I came upon a seminal bit of Phillip Johnson's stuff over at ScienceMusings.com (Blog) today in a piece called "Miracles" or in the comments on it. I've linked the object of the discusion in the title of this post. Here Johnson makes the case that science does not disprove religious dogma and the supernatural; it simply assumes it to be irrelevant, through its materialist focus. It seems a fair point to me. Is it possible that science is an overreaction to the realization that humans are biased to see intentionality in everything that happens? Is science immune to admitting any possibility of a supreme and supernatural being, by assumption? It certainly could be that's true.

If so, it is clearly by application of Occam's razor, which posits that the simpler story is always to be preferred, when faced with a choice of two different interpretations, in the absence of any clear differentiating evidence. Note the qualifiers on that statement. A good intelligent design advocate would say that complexity is of itself evidence of intention and design. Whereas, a good scientist would say that complexity can arise naturally and that self-organization is a property of matter in some circumstances. It's even a property of numbers and algorithms, clear of any matter. 

So it seems that the biggest questions must be answered as matters of personal taste and the making of bets on the future, unless or until direct evidence can be found. We have our choice of attributing that which we cannot otherwise account to deliberate intentionality on the part of a supreme being, or we can regard it as a challenge to explain otherwise. That is, we can blame spooks, gremlins, or gods if we like, with no apparent guilt concerning the lack of evidence. Or we can blame the inherent complexity of nature and vow to keep seeking to understand what we do not now understand. 

Your choice! But I hope you'll pardon me if I regard ID advocates as quitters and nay-sayers who would find the universe unsatisfying if its ultimate mysteries were removed.

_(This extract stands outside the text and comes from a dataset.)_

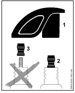 - Push the blower tube (2) into the fan housing stub (3) as far as stop.
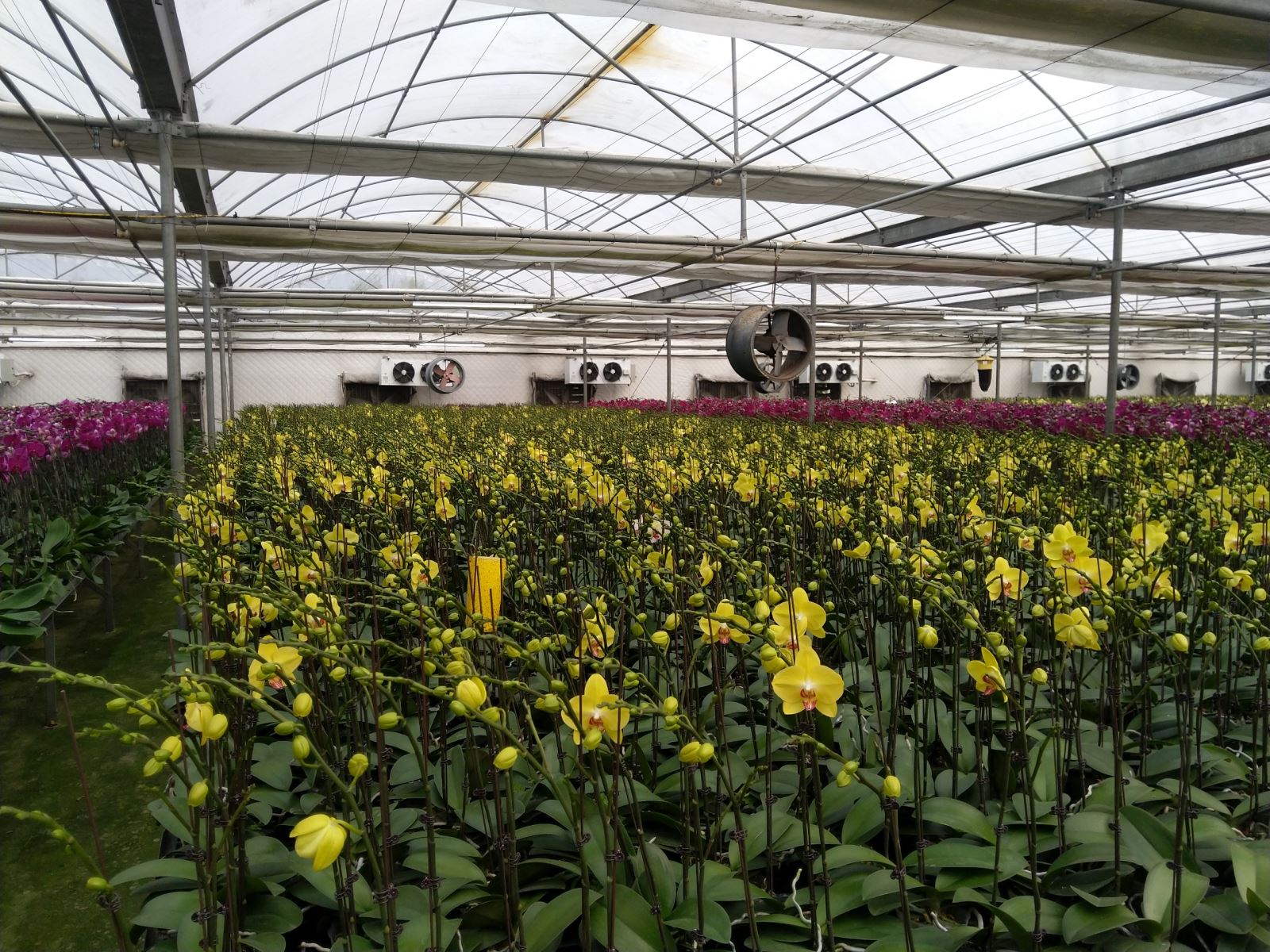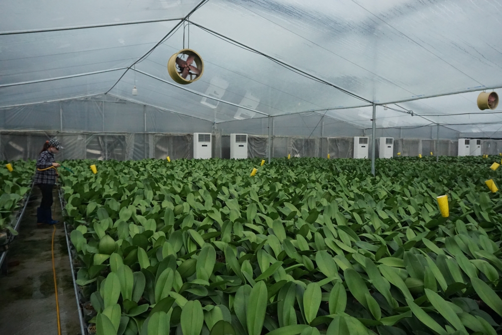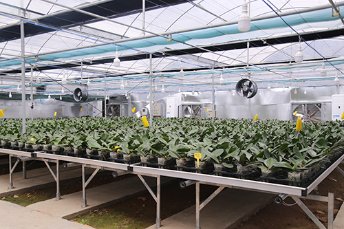 Khi sản xuất hoa lan Hồ điệp theo quy mô công nghiệp cần có biện pháp sắp xếp chiều cao mầm hoa theo thứ tự tăng dần theo chiều dài nhà lưới (mầm hoa thấp để gần quạt hút gió và chiều cao mầm tăng dần về phía tấm làm mát) để khi thu hoạch sẽ cho sản phẩm hoa lan nở đồng đều nhau.

And yet, there is common ground here, if scientists and materialists would admit that part of what they find fascinating about the universe is that which we still do not understand. 



2 comments:

Humainism said...

"And yet, there is common ground here, if scientists and materialists would admit that part of what they find fascinating about the universe is that which we still do not understand."

Part...? My goodness, I would gladly admit that it is "All"! :)

Tom Moore said...

Perhaps I should have added "... and have little or no hope of understanding."?